#### Record excerpts
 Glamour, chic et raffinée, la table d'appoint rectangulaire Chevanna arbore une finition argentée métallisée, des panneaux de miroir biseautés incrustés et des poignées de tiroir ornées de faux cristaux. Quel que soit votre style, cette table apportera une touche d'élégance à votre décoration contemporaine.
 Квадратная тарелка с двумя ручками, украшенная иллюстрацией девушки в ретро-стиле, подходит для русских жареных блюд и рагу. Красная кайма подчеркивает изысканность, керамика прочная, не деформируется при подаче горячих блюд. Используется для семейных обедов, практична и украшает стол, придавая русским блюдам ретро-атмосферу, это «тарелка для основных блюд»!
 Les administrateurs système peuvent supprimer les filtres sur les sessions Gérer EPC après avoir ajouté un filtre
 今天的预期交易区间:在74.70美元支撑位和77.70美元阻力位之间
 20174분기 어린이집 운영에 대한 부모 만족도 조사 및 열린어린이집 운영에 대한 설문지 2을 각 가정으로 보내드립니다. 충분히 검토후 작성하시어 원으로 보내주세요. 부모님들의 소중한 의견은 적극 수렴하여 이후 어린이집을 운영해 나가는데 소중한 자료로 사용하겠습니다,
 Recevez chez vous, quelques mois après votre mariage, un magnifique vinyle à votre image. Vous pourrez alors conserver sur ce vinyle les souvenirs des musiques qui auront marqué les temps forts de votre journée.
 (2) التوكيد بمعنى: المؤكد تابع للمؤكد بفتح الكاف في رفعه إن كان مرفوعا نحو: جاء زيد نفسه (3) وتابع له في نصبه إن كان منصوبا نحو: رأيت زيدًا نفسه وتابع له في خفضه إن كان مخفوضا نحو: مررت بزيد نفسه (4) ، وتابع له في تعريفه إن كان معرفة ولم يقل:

#### Exercise aim
Copy every line above without altering a word.

#### Answer box
 Glamour, chic et raffinée, la table d'appoint rectangulaire Chevanna arbore une finition argentée métallisée, des panneaux de miroir biseautés incrustés et des poignées de tiroir ornées de faux cristaux. Quel que soit votre style, cette table apportera une touche d'élégance à votre décoration contemporaine.
 Квадратная тарелка с двумя ручками, украшенная иллюстрацией девушки в ретро-стиле, подходит для русских жареных блюд и рагу. Красная кайма подчеркивает изысканность, керамика прочная, не деформируется при подаче горячих блюд. Используется для семейных обедов, практична и украшает стол, придавая русским блюдам ретро-атмосферу, это «тарелка для основных блюд»!
 Les administrateurs système peuvent supprimer les filtres sur les sessions Gérer EPC après avoir ajouté un filtre
 今天的预期交易区间:在74.70美元支撑位和77.70美元阻力位之间
 20174분기 어린이집 운영에 대한 부모 만족도 조사 및 열린어린이집 운영에 대한 설문지 2을 각 가정으로 보내드립니다. 충분히 검토후 작성하시어 원으로 보내주세요. 부모님들의 소중한 의견은 적극 수렴하여 이후 어린이집을 운영해 나가는데 소중한 자료로 사용하겠습니다,
 Recevez chez vous, quelques mois après votre mariage, un magnifique vinyle à votre image. Vous pourrez alors conserver sur ce vinyle les souvenirs des musiques qui auront marqué les temps forts de votre journée.
 (2) التوكيد بمعنى: المؤكد تابع للمؤكد بفتح الكاف في رفعه إن كان مرفوعا نحو: جاء زيد نفسه (3) وتابع له في نصبه إن كان منصوبا نحو: رأيت زيدًا نفسه وتابع له في خفضه إن كان مخفوضا نحو: مررت بزيد نفسه (4) ، وتابع له في تعريفه إن كان معرفة ولم يقل:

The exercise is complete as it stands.